Having for years argued for performance-based increases directors are suddenly switching their argument to say recession has made their task so much harder. They really cannot have so much cake and eat it too.
Shareholders were tolerant of high remuneration rises when share prices and dividends were increasing too because all parties shared in the boom. But now investors’ capital and income has been reduced they want the board to share the pain.
They may even be trying to punish the directors. And they are doing it by the mechanism of the code of conduct on corporate governance - voting against the remuneration report.
There is an awkward squad of shareholders currently moving from one annual meeting to another to embarrass overpaid directors. It has yet to claim a scalp but it has substantial support. Some 38 per cent of BP investors rejected its remuneration report, 33 per cent voted against Pearson’s, 36 per cent opposed Xstrata’s.
The vote is not binding and the pay, bonuses and pension contributions have usually already been paid, but as the AGM season unfolds, it is likely a FTSE company will sooner of later suffer the fate of GlaxoSmithKline, which had to scrap its executive pay plan when rebels won the vote 2002.
Many boardrooms have seriously misjudged not only political opinion but public mood and shareholder anger.
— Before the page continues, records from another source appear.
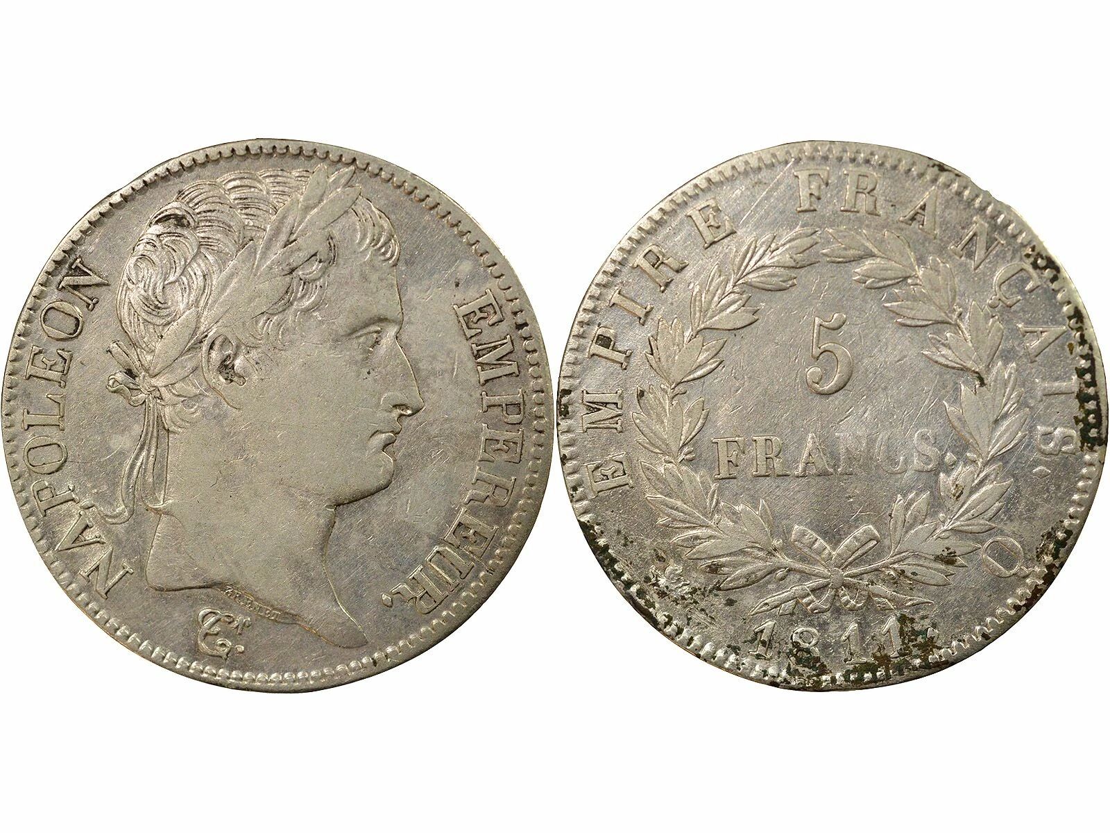 Coin France Napoleon I - 5 Silver Francs, Empire - 1811 Q Perpignan
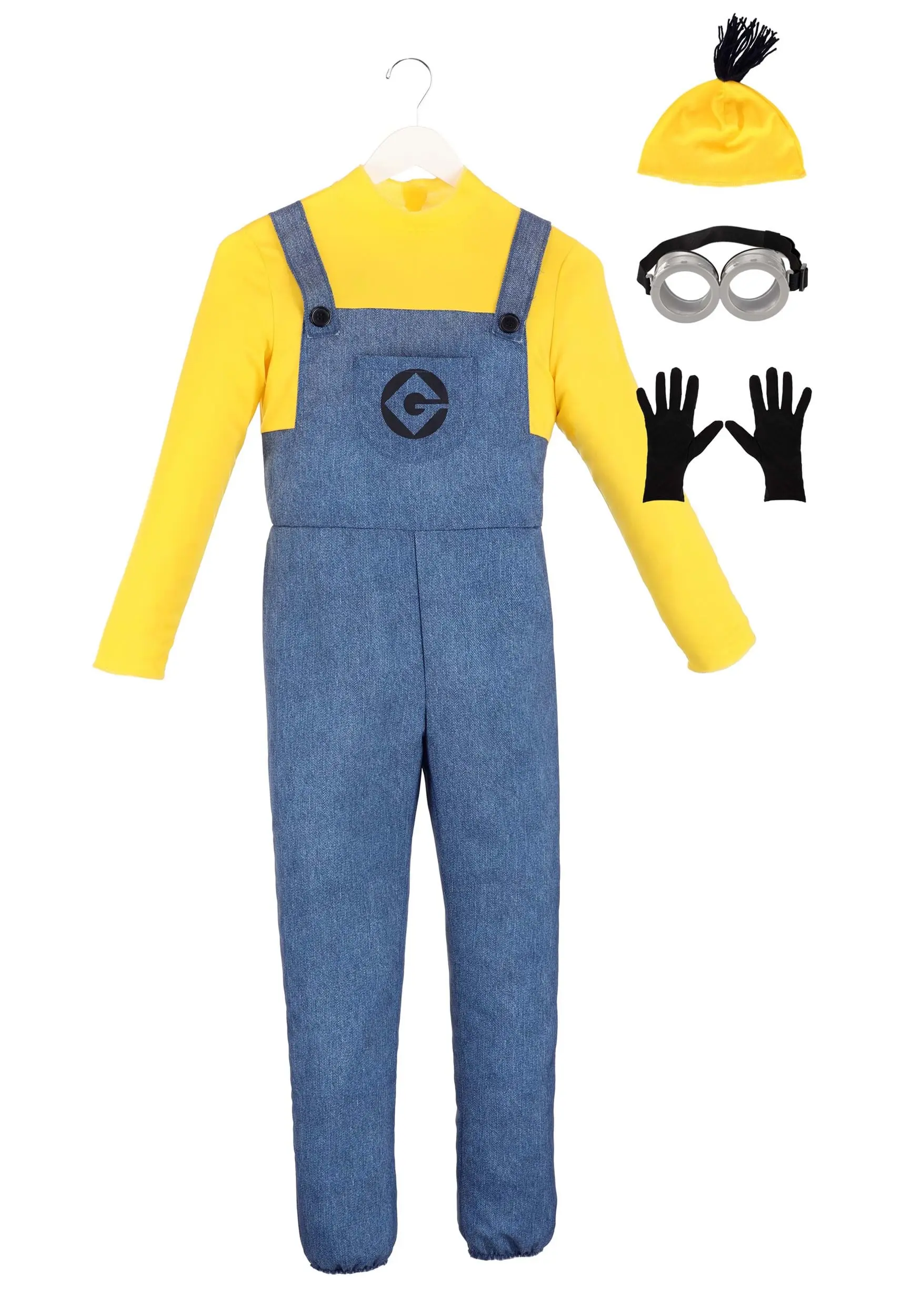 Help steal shrink rays, pilot huge machines, and eat all the bananas you can get your hands on when you wear your exclusive, officially licensed Minions Costume for Kids! The one-piece jumpsuit fastens up the back and is designed to look like a long-sleeved yellow shirt under blue denim overalls. Buttons adorn the faux overall straps and Gru’s symbol is printed across the pocket on the chest. Slip on the yellow knit headpiece with its yarn hair, add the black gloves, and finish off your look with the plastic lab goggles!Â
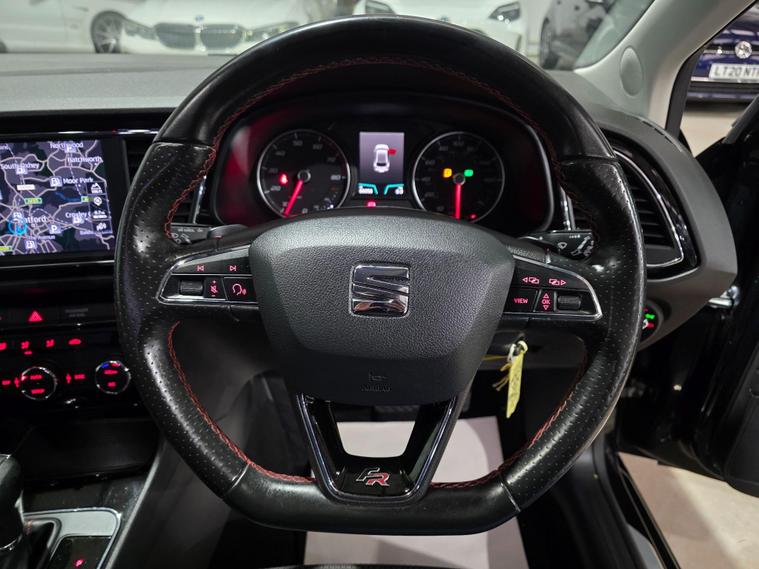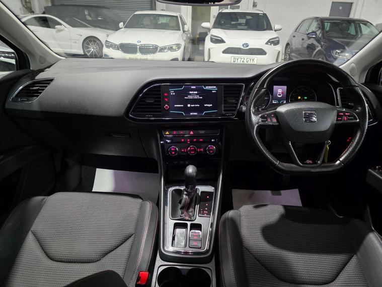 Full Service History, HPI Clear, Excellent condition, 1 Previous OwnerUSB Cable for Apple and Android CompatibilityNavigation SystemSEAT Full Link Smartphone Integration - Mirror Link - Apple CarPlay - Google Android AutoPark distance control (Front & Rear ) Body-Coloured Door HandlesBody-Coloured Door Mirrors with Integrated LED IndicatorsBoot Storage NetBumpers - Exclusive FR Front and RearConvenience Pack PlusCruise ControlDigital ClockDrivers Seat Lumbar AdjustmentDual Zone Climate ControlESC - Electronic Stability Control and Tyre Pressure Warning Light IndicatorFront Sports SeatsFront and Rear Electric WindowsFront and Rear Parking SensorsFull LED HeadlightsInterior Chrome DetailingInterior FR Black - Black GlossyLED Interior Illumination PackLights Left On Warning BuzzerLower Suspension - 15mmMulti Coloured Ambient LightingMulti-Collision Braking SystemOutside Temperature GaugeRPM CounterRadiator Grille Frame in ChromeRadiator Grille in BlackRemote Central Locking with DeadlocksSEAT Drive ProfileSeatbelt Reminder - FrontSeats - Passenger Lumbar AdjustmentSplit Folding Rear Seats - 60-40Sports SuspensionStorage Box Under Drivers SeatTrip ComputerTwo Height-Adjustable Front and Rear HeadrestsTwo Remote Keys with Window Open-Close - Door Mirror Folding and Boot Opening FunctionalityVisual Twin Exhaust Pipesairbags, ABS, PAS, Spare key, 17in Alloy Wheels - Dynamic 30-2.
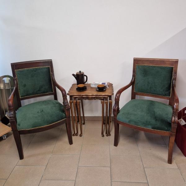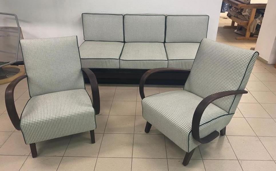 Dále provádíme renovace starožitného čalouněného nábytku. Vycházíme z původního vzhledu a snažíme se o maximální zachování jedinečného stylu každého kusu. Dlouholeté zkušenosti a zručnost v čalounickém řemesle, stejně jako tradiční zpracování materiálů zaručují dokonalé navrácení původního vzhledu čalounění a funkčnosti renovovaného čalouněného nábytku.

Xstrata, the mining giant should not have been shocked by its investors’ dissent: its annual report shows revenues down, profits down, earnings down, net assets down, dividends down (by 64 per cent) and negative cashflow. And in the past year its share price has fallen by 85 per cent.
No doubt running a commodity company when demand collapses is difficult, but what justification could there be for raising executive pay? The wonder is that the vote against was not greater.
Royal Dutch Shell is risking the wrath of its investors by bending its own remuneration rules to give pay awards the prescribed formula would not allow.
As recession bites, companies really must take note of the world outside the boardroom. Pay cuts and freezes must apply to directors as well as the shopfloor. If remuneration committees fail to police directors’ pay they ought not be surprised that investors do their job for them and do it in public.